## DATA SHOWN

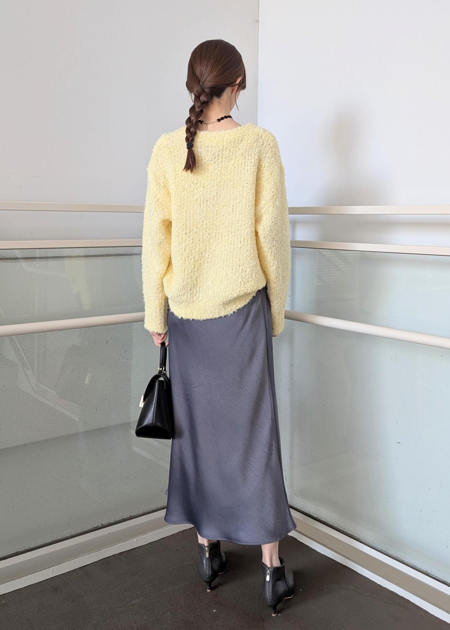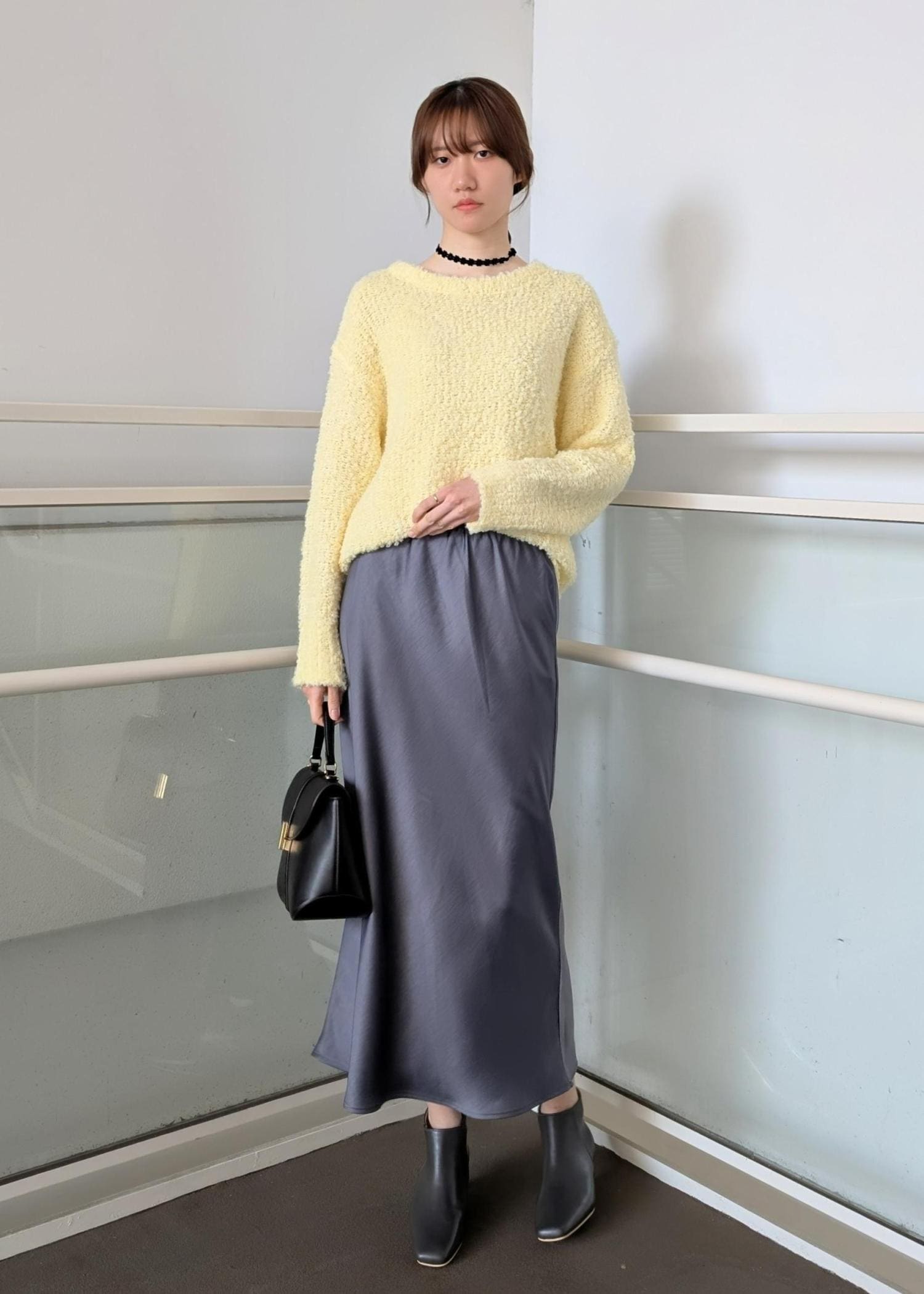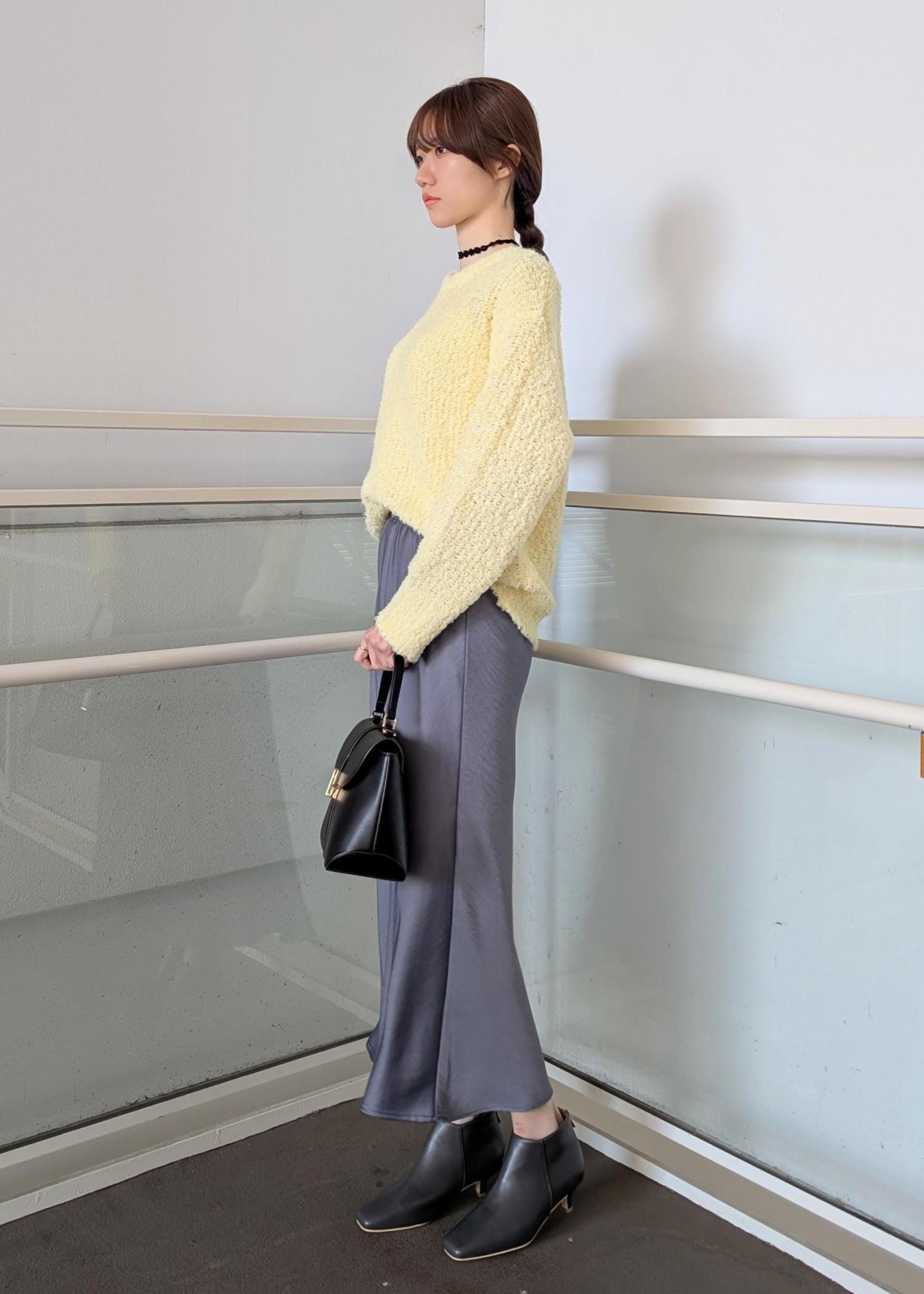 カラーで春を先取りしたコーディネートです。モコモコしたニットでも明るめカラーにしたり軽やかな素材のボトムスと合わせることで印象を変えることができます。
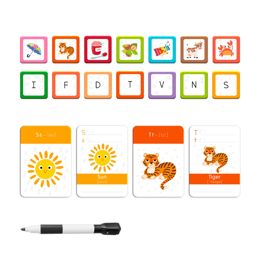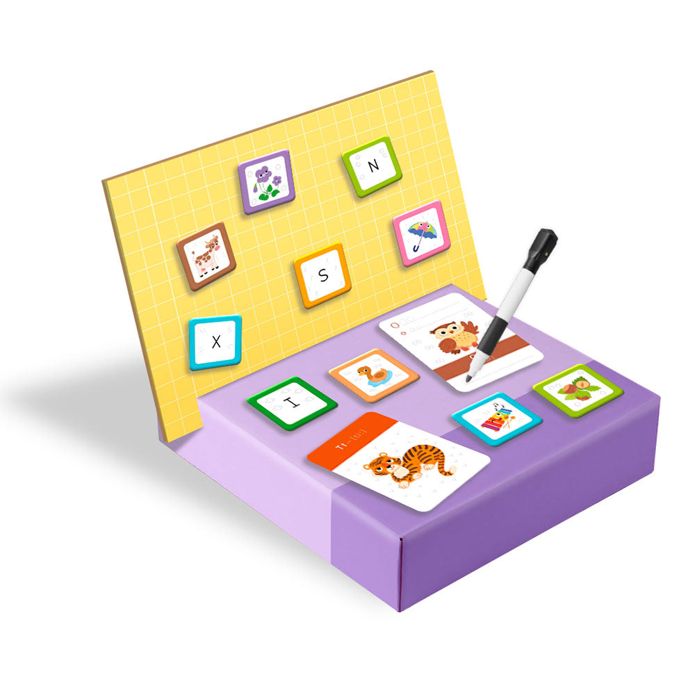 Juego completo: 1 tableta magnética, 139 elementos magnéticos, 26 tarjetas, marcador de paneles de yeso.
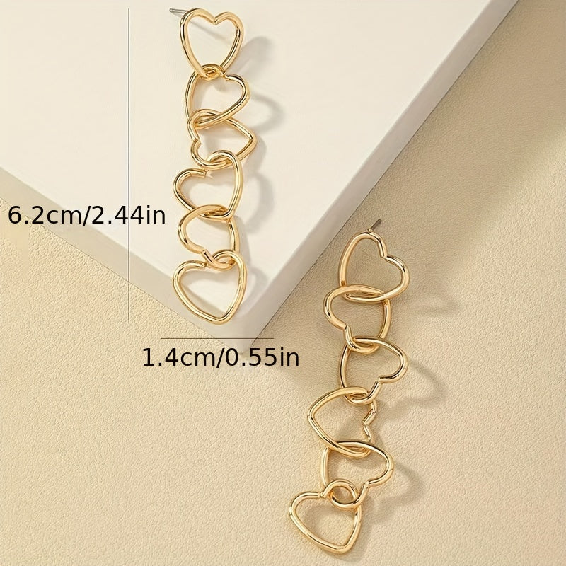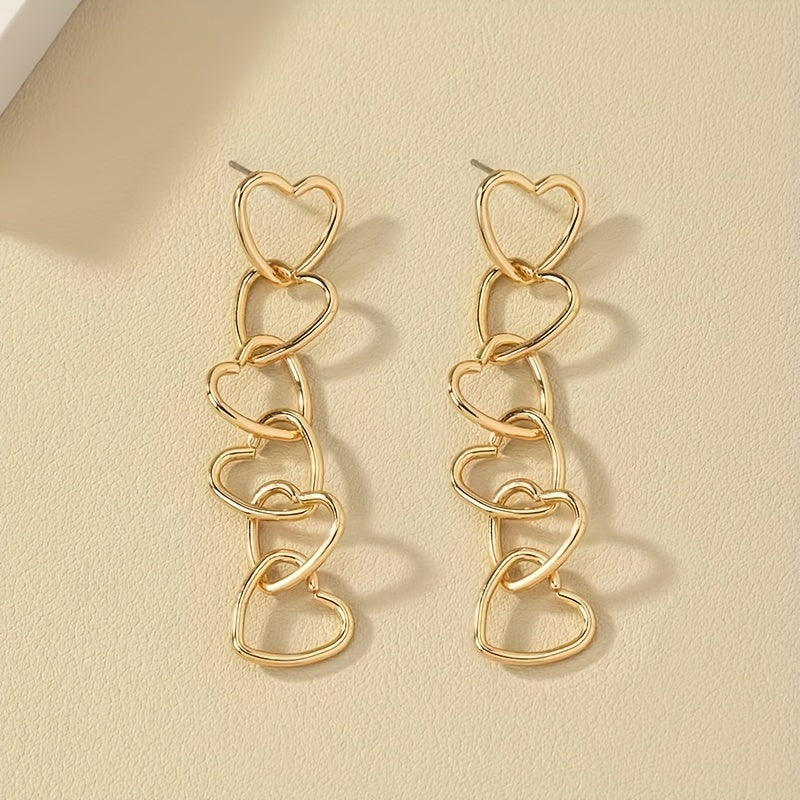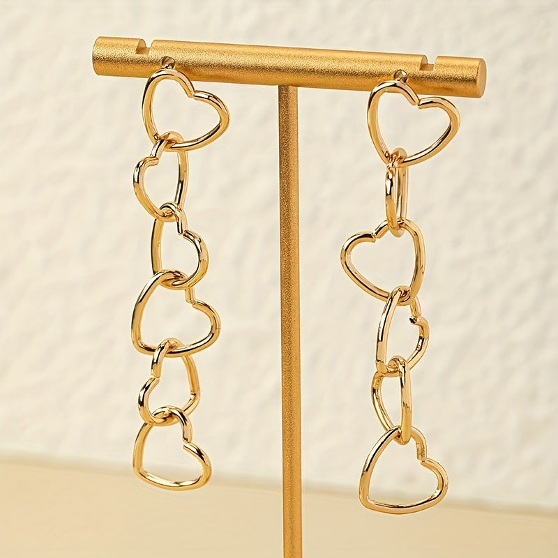 These stylish dangle earrings feature a charming hollow heart shape design in a golden finish. They are perfect for adding a touch of elegance to any outfit.
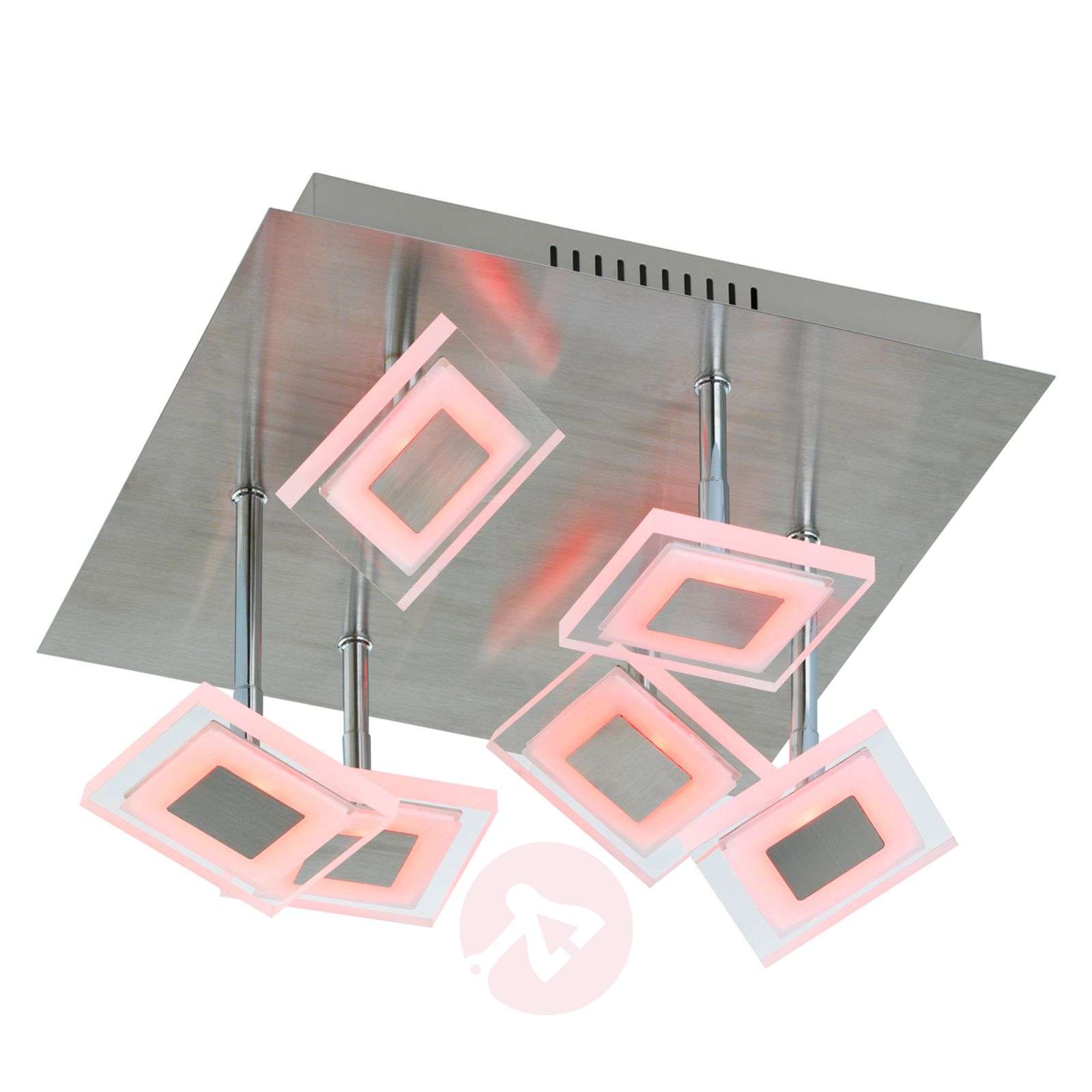 Lampa sufitowa LED Megan emitująca światło o barwie ciepłej bieli lub światło kolorowe, z praktycznym pilotem. Dostępny w zestawie pilot pozwala wybrać najróżniejsze wersje kolorystyczne oświetlenia, ponieważ ta lampa sufitowa LED wyposażona jest w żarówki emitujące nie tylko ciepło-białe światło, ale także kolorowe żarówki LED RGB. Umożliwia to nadanie pomieszczeniu zróżnicowanej atmosfery i kolorystyki oświetlenia w zależności od nastroju. Lampa sufitowa zachwyca nie tylko funkcją skokowej zmiany barw RGB, ale także nowoczesną stylistyką. Wynika ona z połączenia chromowanego, kwadratowego stelaża sufitowego oraz akrylowych elementów zamocowanych na nim za pomocą elementów dystansujących. Ściemnianie wyłącznie za pomocą dostarczonego pilota. Klasa efektywności energetycznej: A
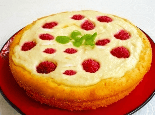 Place cherries (any berries can be used) on top of the cottage cheese filling and put it in a cold oven, then set the temperature to 180 degrees and bake the pie for 35-40 minutes.
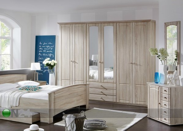 Kuusiovinen vaatekaappi on valmistettu kalustelevystä, keskimmäisissä ovissa on peili – kaapin sisusta on… Lue lisää »

## WHAT YOU HAVE TO DO
Exactly as they appear, transcribe the lines from the top of the material above through the line with "These stylish dangle". Omit any picture.

## ANSWER BOX
 カラーで春を先取りしたコーディネートです。モコモコしたニットでも明るめカラーにしたり軽やかな素材のボトムスと合わせることで印象を変えることができます。
 Juego completo: 1 tableta magnética, 139 elementos magnéticos, 26 tarjetas, marcador de paneles de yeso.
 These stylish dangle earrings feature a charming hollow heart shape design in a golden finish. They are perfect for adding a touch of elegance to any outfit.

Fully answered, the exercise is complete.